Het fabriekje aan de Boukengang werd te klein en Harm en Tiem zochten naar groeimogelijkheden. In oktober 1917 kochten de broers voor 2500 gulden een perceel bouwgrond aan de Paul Krugerstraat in Assen. Voor 450 gulden werden ze ook bezitter van het naastgelegen ‘perceel tuingrond met weg naar de Kloekhorststraat’ op de Galgenkamp. Dit was een ruime plaats om het bedrijf verder te laten groeien. In november vroegen Harm en Tiem bij de gemeente Assen een vergunning aan voor ‘de oprichting van een nikkel- en ijsfabriek met zuiggasmotor van 35 pk en ijsmachine van 20.000 calorieën.’
In juli 1918 was het nieuwe fabrieksgebouw al in gebruik genomen. Hier hadden Harm en Tiem finaal de ruimte om zelf fietsframes en complete fietsen te produceren. Het was zeker geen makkelijke tijd, door de Eerste Wereldoorlog was er een gebrek aan rubber voor de banden en waren onderdelen soms moeilijk verkrijgbaar en ergerlijk duur. Ze verkochten de fietsen onder de merknaam "Mustang" en "Albatros" aan fietsenhandelaren in Noord Nederland. Het vernikkelen en verlakken van fietsen en onderdelen was in deze periode nog wel het hoofdwerk. Pal naast de nieuwbouw van de rijwielfabriek werd een pand van witte steen opgetrokken. Daarin richtten de gebroeders De Geeter een ijsfabriek op. De productie van ijs voor de koeling van winkels zoals slagerijen was een heel lucratief inkomen.
De jaren '20 waren een wisselvallige periode waarin de fiets enorm in populariteit toenam. Waren er in 1919 nog ruim 860.000 fietsen in Nederland, in 1924 waren dit al meer dan 1.750.000. Daar profiteerde ook Mustang van. De concurrentie was wel groot, want grote hoeveelheden goedkope Duitse fietsen kwamen op de markt. De prijzen gingen daardoor in hoog tempo omlaag: zeker 8% per jaar. Door de economische depressie die in 1929 stapsgewijs over Europa trok, daalde vanaf dat jaar ook de fietsproductie in Nederland.
In de jaren dertig ontwikkelde Roelf de Geeter een aantal 'nieuwigheden'. Dit zorgde voor een nieuw type velo, die halverwege de jaren '30 de markt opging als de Mustang Octrooifiets. Rond 1930 kwam ook de zoon van Harm Pieter de Geeter, Roelf de Geeter (geboren 1909) in het bedrijf.

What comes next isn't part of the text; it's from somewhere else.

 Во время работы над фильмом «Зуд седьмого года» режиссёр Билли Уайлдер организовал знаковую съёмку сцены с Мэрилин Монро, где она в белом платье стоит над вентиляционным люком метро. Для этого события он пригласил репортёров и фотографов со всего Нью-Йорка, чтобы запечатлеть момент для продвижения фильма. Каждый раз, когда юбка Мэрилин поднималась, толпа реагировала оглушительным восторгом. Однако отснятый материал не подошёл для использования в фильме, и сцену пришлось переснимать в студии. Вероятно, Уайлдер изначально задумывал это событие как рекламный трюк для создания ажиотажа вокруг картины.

Ook de jaren '30 moeten zeer instabiel geweest zijn. De eerste jaren hadden ze veel hinder van de economische crisis. Vanaf 1934 gingen, landelijk gezien, de productiecijfers weer opwaarts, maar de consument had nog steeds niet veel geld om te spenderen. Het einde van de crisis kwam pas rond 1936 in zicht. Pas toen kwam er ook een einde aan de prijsdaling van de fiets: in 1936 kostte een fiets nog maar 1/5 (!) van wat de fiets rond 1920 waard was. In 1939 was het aantal fietsen toegenomen tot 3.300.000, dat was een verdubbeling in 15 jaar. Toch stonden de winstcijfers onder druk. Niet alleen in Nederland vonden de Mustang-fietsen hun weg naar de fietsenhandelaren, ook het buitenland had veel interesse voor de oerdegelijke kwaliteit die Mustang leverde. In de dertiger jaren was er uitvoer naar verschillende Europese landen maar ook Indonesië en Argentinië.
In 1937 brandde de lakkerij (het linkerdeel van het gebouw) helemaal uit. Met de verzekering werd uiteindelijk een overeenkomst bereikt en kon de lakkerij opnieuw worden opgebouwd.

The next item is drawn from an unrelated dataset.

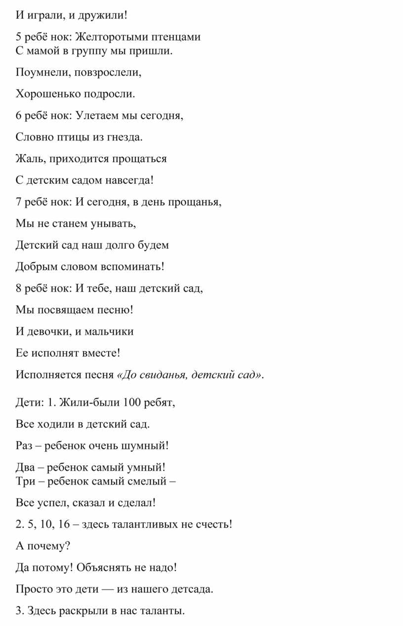 Исполняется песня «До свиданья, детский сад».

In de loop van de Tweede Wereldoorlog kwam de rijwielfabricage vrijwel stil te liggen, zoals dat in de hele sector gebeurde. Een deel van het personeel werd in Duitsland te werk gesteld. De ijsfabriek daarentegen draaide op volle toeren want de Duitsers hadden deze opgevorderd om bederfelijke eetwaren in op te kunnen slaan. Roelf de Geeter moest er voor zorgen dat de ijsfabriek bleef draaien. Het waren moeilijke jaren, want de vaste lasten moesten betaald worden, maar er waren amper inkomsten en het bedrijf leed ferm verlies.

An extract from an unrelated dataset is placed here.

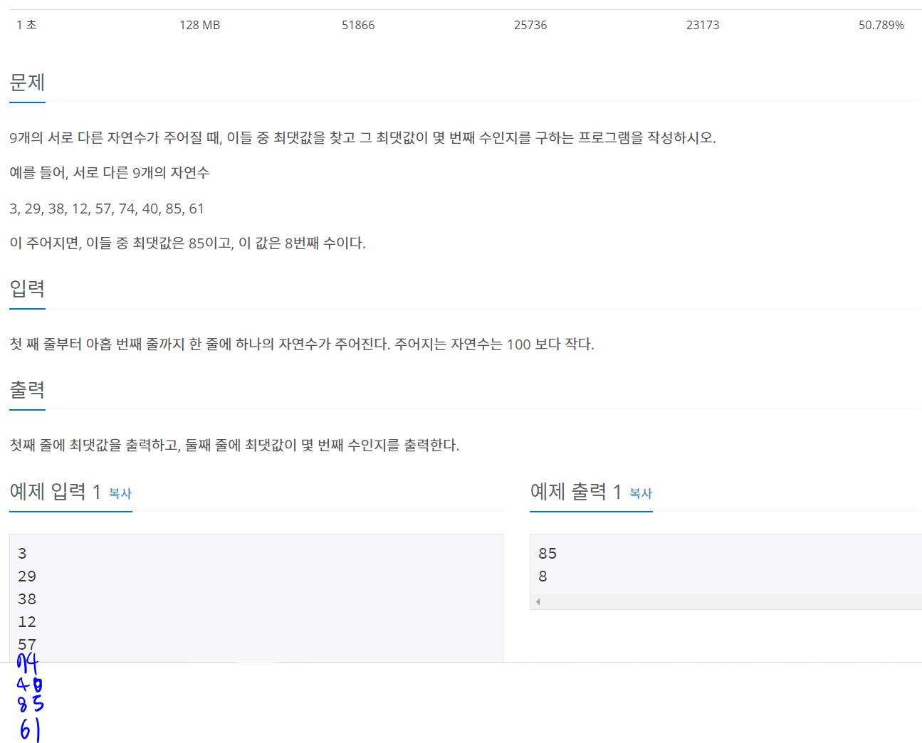 그리고 for문을 돌리면서 배열에 수를 넣는 것과 동시에 최댓값도 비교해주고 만약 max보다 크면 maxnum도 다시 지정해주는 식으로 for문안에서 다 해결했다.

Na de oorlog kochten steeds meer winkeliers eigen koelkasten en liep de vraag naar ijs terug. De omstandigheid om finaal met de ijsfabriek te stoppen was denkelijk de brand die in 1948 in de rijwielfabriek uitbrak. Alleen de buitenmuren van het pand bleven toen overeind staan! Het fabrieksgebouw moest opnieuw opgebouwd worden. Het gebouw van de ijsfabriek werd nu als fietsenmontagewerkplaats en voor de opslag gebruikt. In korte tijd werd er een nieuwe fabriek gebouwd. De eigenaren richtten zich nu volledig op de fabricage van fietsen. Voor de nieuwe en moderne fabriek schaften ze o.a .een moffelinstallatie aan, waarmee ze per week 1000 frames konden lakken. De rijwielfabricage werd twee keer zo groot als voor de oorlog. De dagelijkse leiding van het bedrijf lag inmiddels bij Roelf.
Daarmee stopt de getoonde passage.